The Moroccan dirham has anchored resiliently, gaining 0.4% against the US dollar and 0.3% versus the euro in the past week to 9.2424 MAD per USD, extending a steady trend since autumn amid reserves climbing 19.3% to MAD 432.3 billion ($46.6 billion) without central bank interventions. This poise, within a ±5% basket band (60% euro, 40% dollar), reflects non-oil GDP at 4.2% and FDI at $10.7 billion, as MASI slips 2.5% on thinned volumes to MAD 680.9 million yet liquidity injections hit MAD 143.7 billion. Not fully convertible, the dirham’s stability—fluctuating <0.01%—counters tariff risks, drawing $106.7 billion in 2024 capital as Vision 2030 diversification tempers hydrocarbon reliance at 10% of GDP.
Casablanca’s financial citadels capitalize on the dirham’s durability.
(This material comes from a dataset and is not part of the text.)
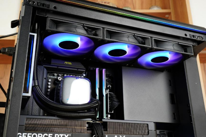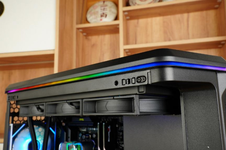 顶部的风扇支架最大可以支持360mm规格的冷排。

Attijariwafa Bank reported 12% treasury uplifts to MAD 45 billion in Q3, riding forwards amid 16% FX volumes on BAM cues. BMCE notched 10% derivatives gains to MAD 32 billion, exploiting 15% spikes in USD/MAD futures. These metrics spotlight Morocco’s ballast, where policy poise transmutes reserves into resilient revenues, sustaining 2.5% interbank rates.
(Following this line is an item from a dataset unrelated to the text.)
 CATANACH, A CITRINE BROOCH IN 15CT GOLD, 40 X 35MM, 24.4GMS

Economic stewards navigate the steady slope with strategic savvy. OCP Group unveiled 8% phosphate expansions to MAD 120 billion, as pegged funding unlocks capex for infra—offsetting 2% tariff erosions—yielding MAD 6.1 billion efficiencies. Maroc Telecom echoed with 7% NOI to MAD 25 billion, hedging via BAM overlays for retail—25% overseas—projecting MAD 4.5 billion Q4 via 5G pacts. Dynamic swaps blend stability with floors, shielding against election wobbles.
Analysts foresee MAD’s mettle through mid-2026, with USD/MAD grinding 9.20-9.25 as reserves hit MAD 450 billion and GDP rebounds to 3.5%, EMA neutral eyeing 9.15 if 9.30 holds; sub-9.35 risks 9.40. Favor range irons on CPI prints, collars on tariff suits. Peg persistence could firm to 9.10, but divergences demand diligence.
Positive equilibrium defines dirham dominions, merging BAM benevolence with growth grace in a tariff-tossed tapestry. This steadiness not only anchors affordability but empowers enterprises, fortifying flows in fiscal fortitude.